A realidade brasileira

A predominância, no Brasil colonial e monárquico, do Catolicismo Romano (CR) como religião oficial, serve de exemplo de como a ausência de um Estado laico pode ser prejudicial a uma nação. Mesmo depois de estabelecida a República, em 15/11/1889, e a Constituição de 1891, a perseguição ao Protestantismo Histórico e demais credos religiosos continuou a ser uma realidade e, com a ascensão de Getúlio Vargas ao Poder, o CR volta a exercer influência, sendo novamente reafirmada com a concordata entre o Brasil e o Vaticano, firmada em 2008 e que concedia inúmeros privilégios ao CR.

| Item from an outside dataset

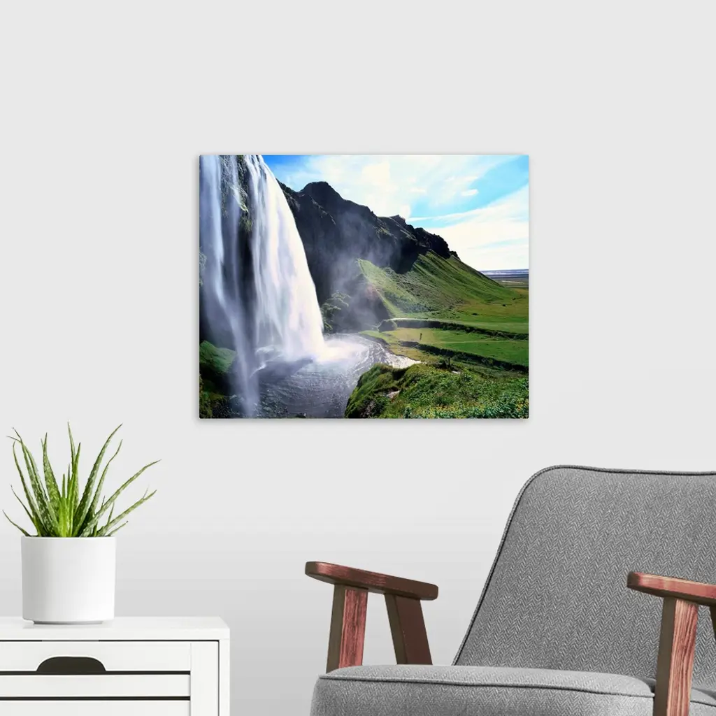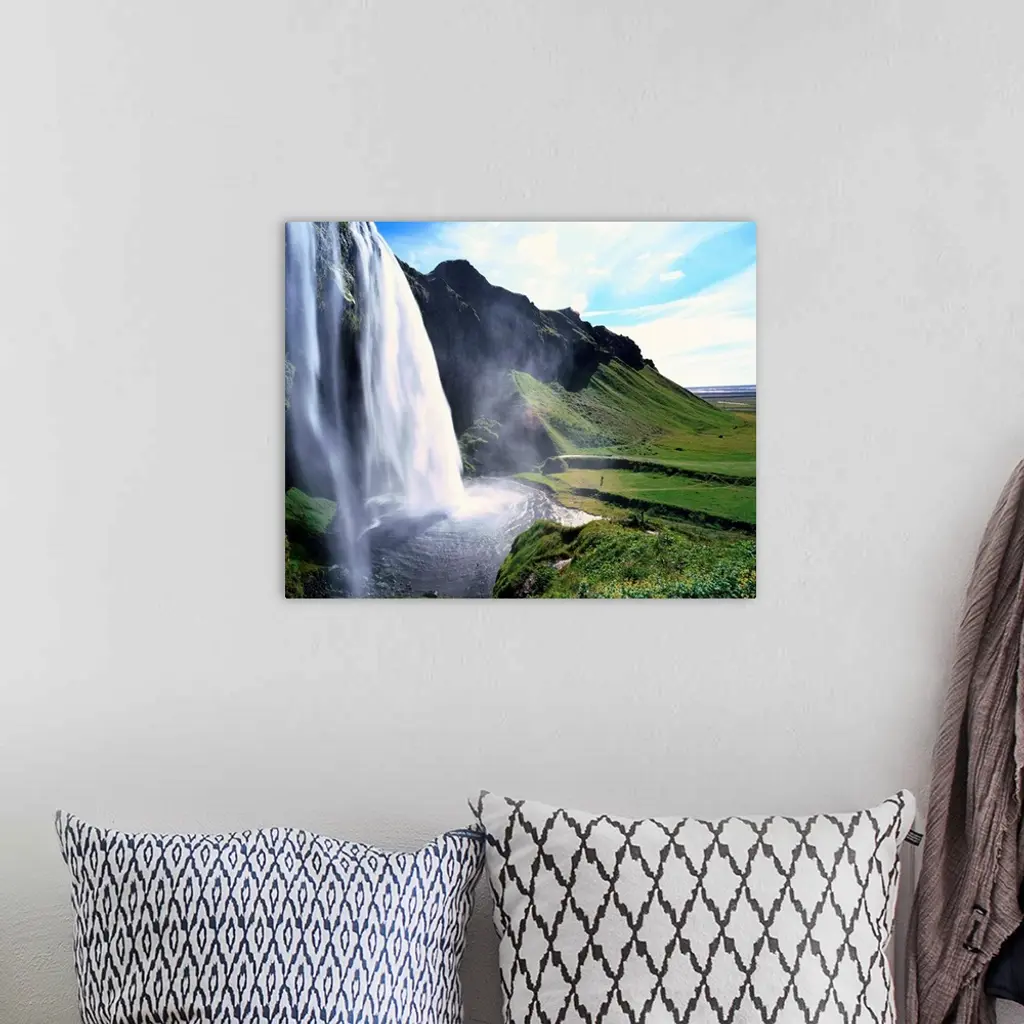 Iceland, South Coast, Seljalandsfoss waterfall wall art for home and office decor. Discover canvas art prints, photos, mural, big canvas art and framed wall art in GreatBigCanvas.com's varied collections.

Com o crescimento dos evangélicos brasileiros – havendo hoje, segundo o Censo de 2010, do IBGE, cerca de 42,5 milhões de seguidores – uma nova configuração (religiosa) ganha forma. As bancadas evangélicas, nas assembleias estaduais e no Legislativo Federal, exemplificam a crescente força do movimento, além de servir de base de estudos e especulações com relação à futura composição religiosa nacional. As disputas em torno de temas como o aborto e a união civil homossexual, por parte de lideranças evangélicas no Congresso, devem ser vistas como possíveis temas a serem defendidos por um governo composto por evangélicos? A laicidade seria preservada?

Dado o crescimento da igreja evangélica brasileira, sua presença cada vez maior nos meios de comunicação de massa e na vida orgânica de câmaras municipais, prefeituras, assembleias, e no Judiciário, torna-se inevitável o não questionamento sobre uma futura composição evangélica nos executivos municipais, estaduais e federais. Teríamos, no entanto, de distinguir duas situações: primeira, um governo liderado por um evangélico; segunda, de uma nação de maioria evangélica – o que seria uma inversão do atual quadro religioso brasileiro, que aponta o Catolicismo Romano como dominante, com algo em torno de 125 milhões de seguidores (IBGE, 2010). Em ambos os casos haveria problemas relacionados à diversidade cultural, religiosa e secular.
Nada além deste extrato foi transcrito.